The goblins were frightened beyond description. Suddenly a sword flashed in its own light. It went right through the Great Goblin and he fell dead. The goblin soldiers fled before the sword shrieking into the darkness.
The sword went back into its sheath. "Follow me quick!" said a voice fierce and quiet; and before Dawn understood what had happened she was trotting along again at the end of the line, down more dark passages with the yells of the goblin-hall growing fainter behind her. A pale light was leading them on.
"Quicker, quicker!" said the voice. "The torches will soon be relit."
Then Gandalf lit up his wand. Of course it was Gandalf; but just then they were too busy to ask how he got there.
"Are we all here?" said Gandalf, handing Thorin and Dawn's swords back to them. "Let me see: oneāthat's Thorin; two, three, four, five, six, seven, eight, nine, ten, eleven; where are Fili and Kili? Here they are! twelve, thirteen and of course Miss Dawn makes fourteen!" None of the dwarves knew of Dawn's elvish parentage. She had asked Gandalf and Elrond not to tell them as she wanted that task herself. "Well, well! It might be worse, and then again it might be a good deal better. No ponies, and no food, and no knowing quite where we are, and hordes of angry goblins just behind! On we go!"
On they went. They began to hear goblin noises and horrible cries far behind in the passages they had come through. Soon they could hear even the flap of the goblin feet, many many feet which seemed only just round the last corner. The blink of red torches could be seen behind them in the tunnel they were following; and they were getting deadly tired.
At this point Gandalf fell behind, and Thorin and Dawn with him. They turned a sharp corner. "About turn!" he shouted. "Draw your swords, Dawn! Thorin!"
There was nothing else to be done; and the goblins did not like it.
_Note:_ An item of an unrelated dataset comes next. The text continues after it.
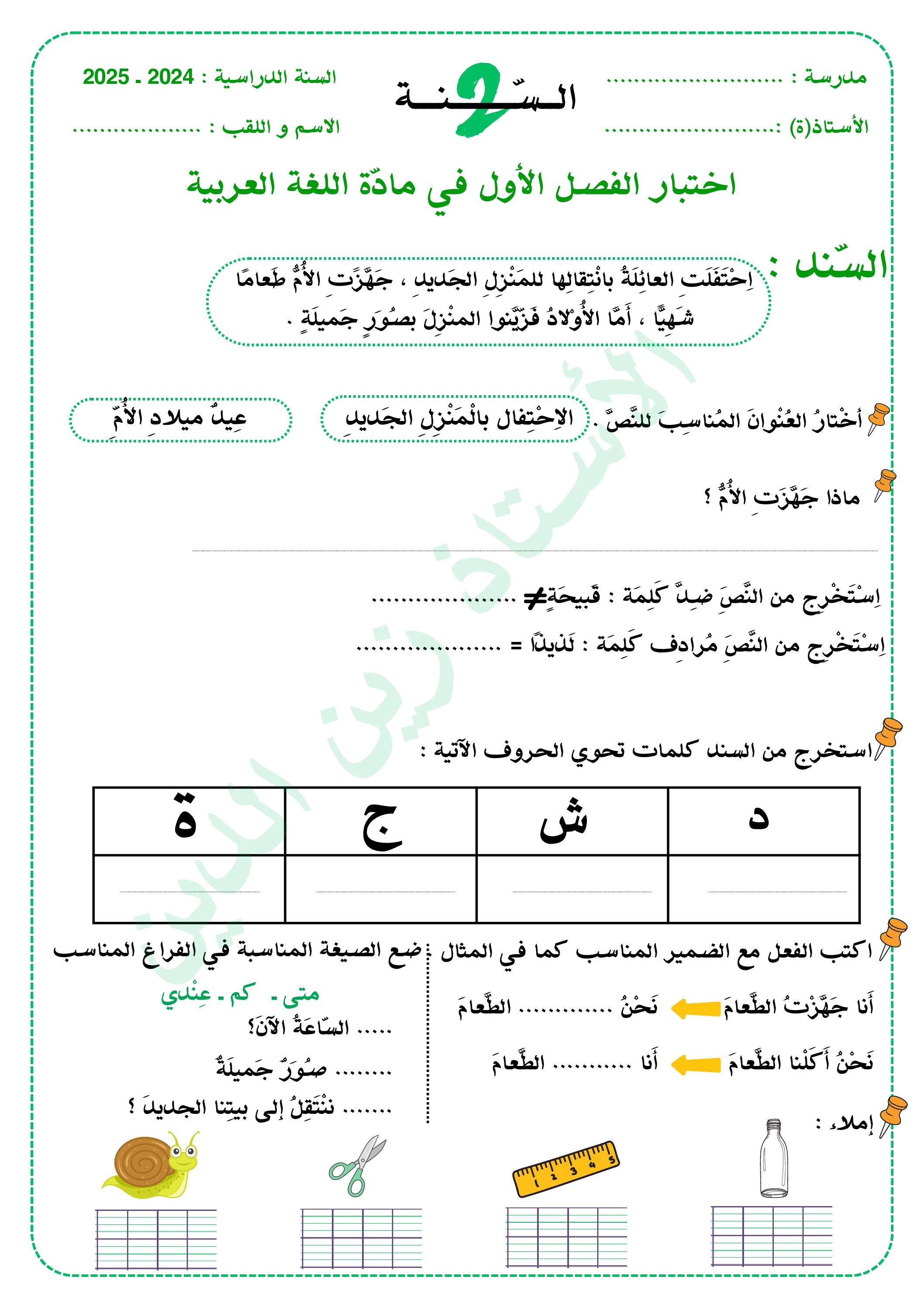مادة اللغة العربية للسنة الثانية ابتدائي : نموذج لإمتحان في الفصل الأول رقم 105- في مادة اللغة العربية مستوى السنة الثانية ابتدائي الجيل الثاني ، السنة الدراسية: 2025/2026 مع التصحيح يمكن تصفح الإختبار مباشرة عبر موقع الدراسة الجزائري أو تحميله مباشرة بصيغة PDF بالضغط أعلاه على: .: تحميل :. اللغة العربية السنة الثانية ابتدائي

They came scurrying round the corner in full cry, and found the three elvish blades cold and bright right in their astonished eyes. The ones in front dropped their torches and gave one yell before they were killed. The ones behind yelled still more, and leaped back knocking over those that were running after them.
With that the dwarves, Gandalf and Dawn turned and ran on through the tunnels yet again.
Soon the goblins overcame their fear and came at them again, this time much more silently than they had done the first time.
Dawn was quite suddenly grabbed from behind in the dark. She shouted and fell and rolled into the blackness, bumped her head on hard rock, and remembered nothing more.